“我……”他觉得自己的嗓子有些干涩,不得不随意找了个理由,“我梦到过。”

白若松目光澄澈,淡淡地看着云琼垂下的同时不断颤动的眼睫。

她早就发现,云琼在不知道该如何开口,或者是在尝试隐藏自己的心绪的时候,经常会做这样一个类似抿唇的小动作,并且还会垂眼掩饰自己的目光。

他在隐藏什么?

白若松并不相信云琼的托词,可云琼毕竟不是她这个刑部司郎中的审问对象,而是她的正夫,她并不想用那些手段。

罢了,他一向都对自己敞开全部,就算偶尔一些难以启齿的小心思又怎么样,总归不会害自己的。

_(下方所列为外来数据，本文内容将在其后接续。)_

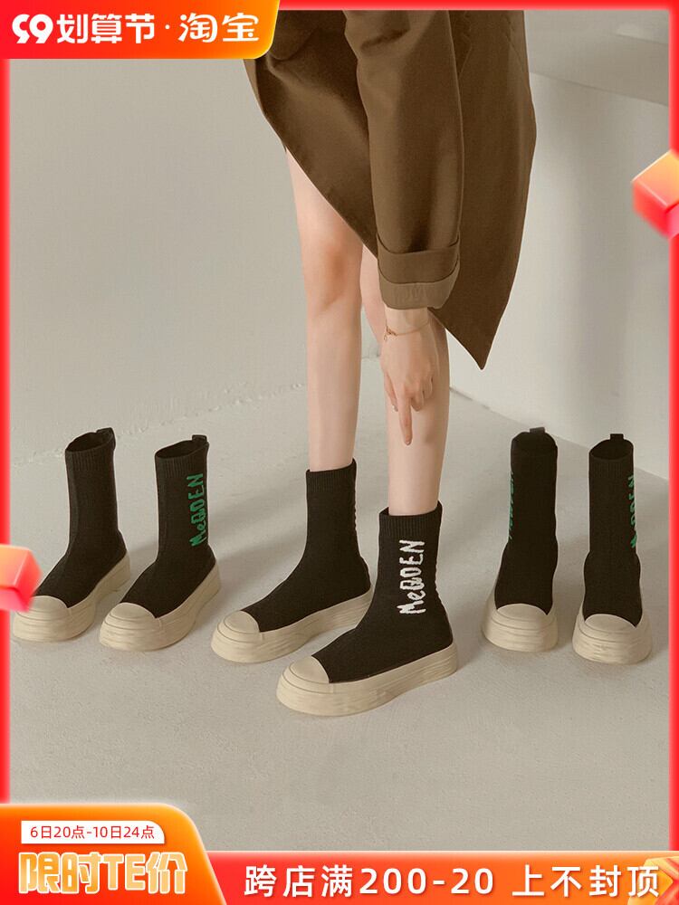 弾性靴下ブーツ女性の秋 2022 新しい小さなマフィン厚底ノンスリップスポーツカジュアルニットショートブーツ潮 シューズ エラスティック 伸縮 オータム 秋物 タイツ ストッキング ソックス jxjxf38058461188

“都是梦罢了,我不是在这里么?”白若松贴近他,在他颤抖的眼睫上落下一吻,唇瓣上有些湿漉漉的,也不知道是不是蒸腾上的水汽。

云琼轻轻“嗯”了一声。

也不知道是心虚还是别的什么,他靠上来,有些小心翼翼,又近乎虔诚地把自己的下颚靠在白若松一侧的肩膀上。

这个动作在显得亲密无间的同时,又能够阻止白若松看见此刻云琼因为隐忍而有些扭曲的面容。

这些日子实在是太安逸,太幸福了,幸福到他几乎都快忘了,白若松是会死的。

可这一世他已经是凡人了,如果白若松有什么意外……

云琼不敢再细想。

年幼时所不理解的,那位高大威武,在战场上能够轻而易举砍下蛮人头颅的母亲的脆弱与歇斯底里,此刻被完美复刻在了云琼的身上。

他几乎可以幻视自己是如何在绝望中扫落书案上的所有东西,恳切地同祖母说下那句:“求你了,我想死。”

云琼甚至怀疑,他那位立下赫赫战功的母亲,只是因为不想活了,才会任凭自己殒命在北疆的战场上。